# Background

The early 20th Century marks the transition from romanticism (Tchaikovsky, Mahler, Strauss) to modernism (Schoenberg - *twelve tone*- , Debussy, Gershwin - *jazz* -).  Restrictions are rejected while free form and experimentation become the norm.  The 20th Century is also an era of massive technological and socio-political change where technology starts to bring new avenues to the production and distribution of music.  

Accroding to ClassicFM, *'modernism in music was about being radical and different.'* The 1920s saw the birth of the *blues*, a predecessor to country music and rock n’ roll.

As we enter the 21st Century, contemporary music, along with new forms of music, such as electronic music, start to surface.

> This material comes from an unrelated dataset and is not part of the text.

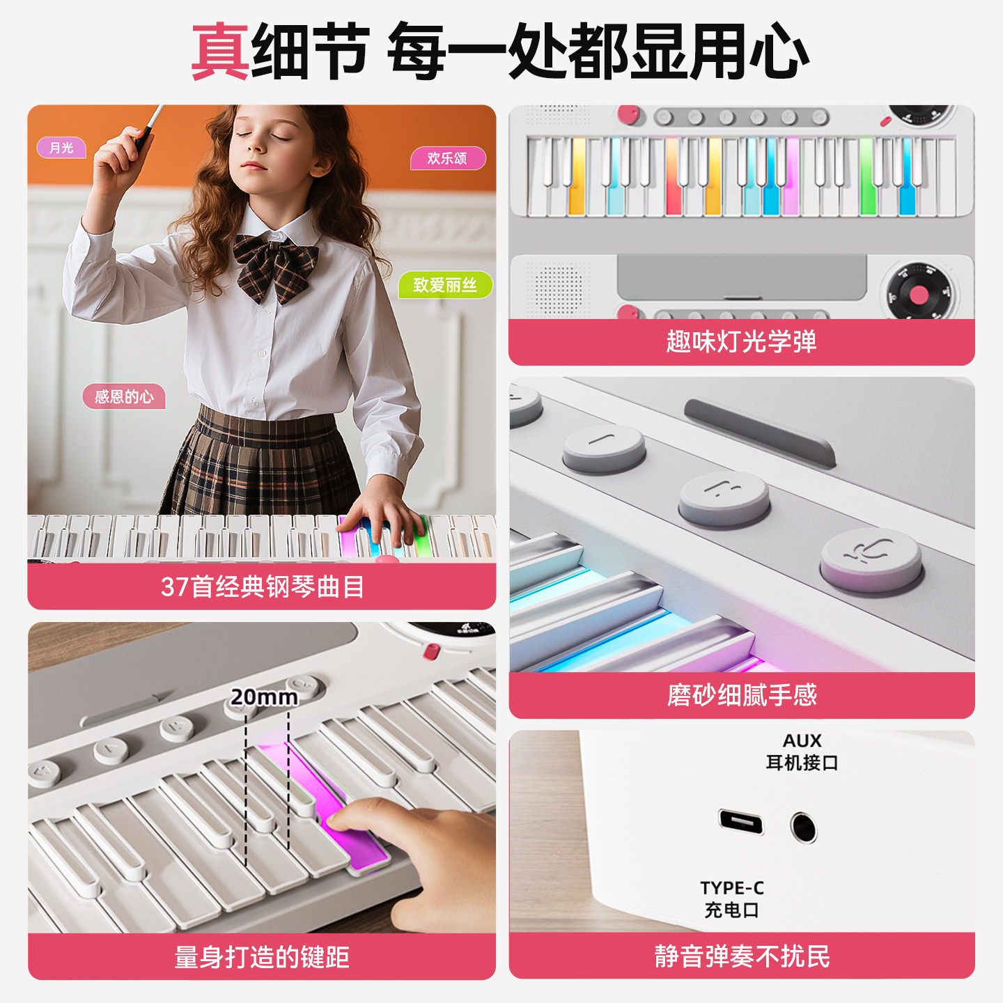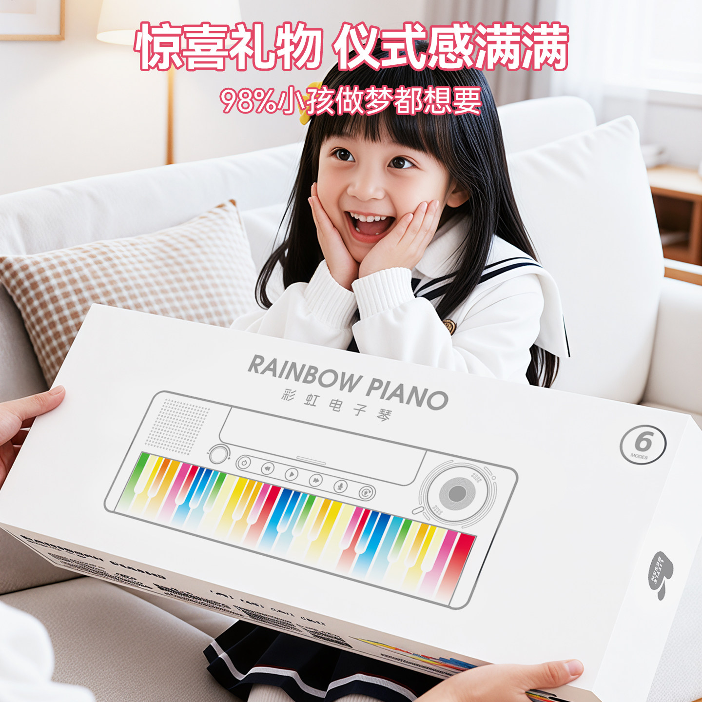 儿童电子琴女孩彩虹电子钢琴玩具初学乐器入门可弹奏新年礼物生日

We will be focusing our analysis on the modern period beginning in the early 20th Century since the earliest track recorded in the Spotify dataset was released in 1920.  We expect the older songs to reflect the shift to modernism while still preserving the major characteristics associated with traditional music.  Similarly, more recent songs are expected to exhibit opposite characteristics as we move into modernism and post-modernism.


**References:** 
- https://www.classicfm.com/discover-music/periods-genres/modern/
- https://wmich.edu/mus-gened/mus150/1500%20webbook%20modern%20artmusic/Modern%20ArtMusic.htm




# Dataset

## Description of dataset

The Spotify dataset has been obtained from Kaggle, a data science community where public datasets are available for use. It is courtesy of Yamac Eren Ay, a Data Scientist from Berlin and a passionate music listener. This dataset has been created to serve the scientific exploration of the evolution of musical tastes.  
It contains data on audio features of more than 175,000 songs released  between 1921 and 2021 collected using the Spotify Web API. The noteworthy features include acousticness, danceability, energy, popularity, tempo, and speechiness. In addition, songs are categorized by key, artists, release date, and name. The ‘id’ field uniquely identifies the observations.   

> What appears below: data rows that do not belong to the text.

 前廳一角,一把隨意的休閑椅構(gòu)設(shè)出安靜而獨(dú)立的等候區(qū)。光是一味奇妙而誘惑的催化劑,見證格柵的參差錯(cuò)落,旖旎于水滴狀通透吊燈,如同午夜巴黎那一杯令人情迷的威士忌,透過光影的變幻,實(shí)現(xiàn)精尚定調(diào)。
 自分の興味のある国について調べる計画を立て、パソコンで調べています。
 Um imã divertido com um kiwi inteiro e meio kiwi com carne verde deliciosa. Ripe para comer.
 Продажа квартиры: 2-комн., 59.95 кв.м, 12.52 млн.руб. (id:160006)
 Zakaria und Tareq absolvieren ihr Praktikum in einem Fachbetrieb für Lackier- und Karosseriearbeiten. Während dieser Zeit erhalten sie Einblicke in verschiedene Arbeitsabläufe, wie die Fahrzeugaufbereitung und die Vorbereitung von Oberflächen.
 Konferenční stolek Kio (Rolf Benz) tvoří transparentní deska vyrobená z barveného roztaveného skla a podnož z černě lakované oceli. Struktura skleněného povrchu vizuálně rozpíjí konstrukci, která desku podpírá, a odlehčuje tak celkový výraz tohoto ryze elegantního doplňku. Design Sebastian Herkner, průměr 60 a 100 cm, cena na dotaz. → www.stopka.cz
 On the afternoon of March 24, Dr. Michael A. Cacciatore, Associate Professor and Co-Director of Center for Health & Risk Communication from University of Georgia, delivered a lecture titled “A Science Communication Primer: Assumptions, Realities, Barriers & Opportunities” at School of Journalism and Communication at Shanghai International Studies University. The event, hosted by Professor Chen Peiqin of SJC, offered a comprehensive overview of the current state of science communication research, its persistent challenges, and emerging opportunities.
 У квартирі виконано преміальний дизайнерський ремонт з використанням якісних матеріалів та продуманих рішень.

The dataset contains five files. ‘data.csv’ is the main file, and the other ones were created using data from this file. While the numerical values - acousticness, danceability, energy, valence, instrumentalness, speechiness, tempo, loudness, duration_ms, liveness, and popularity – were obtained by calculating the mean of the values obtained from the API, categorical features such as ‘key’ and ‘mode’ were obtained by calculating the mode of the values. Moreover, ‘popularity’ is based on US data, not worldwide data, and this could potentially limit the scope of the analysis.

## Limitations of the dataset

The Spotify dataset only reflects American tastes as it mainly uses data from an American audience.  In addition, we cannot claim that the `popularity` variable accurately quantifies the popularity of a track during a certain period as the data is retrieved from a more modern audience. The `popularity` column only reflects how likeable a certain track is to a modern audience. However, the track characteristics can be used to identify the trends for each period as they are independent of the listener.

Another limitation is the smaller dataset for older tracks. Hence, for a fairer analysis, the maximum popularity for each period was first identified and the 75th percentile based on that maximum value was considered when looking at the characteristics of popular songs.  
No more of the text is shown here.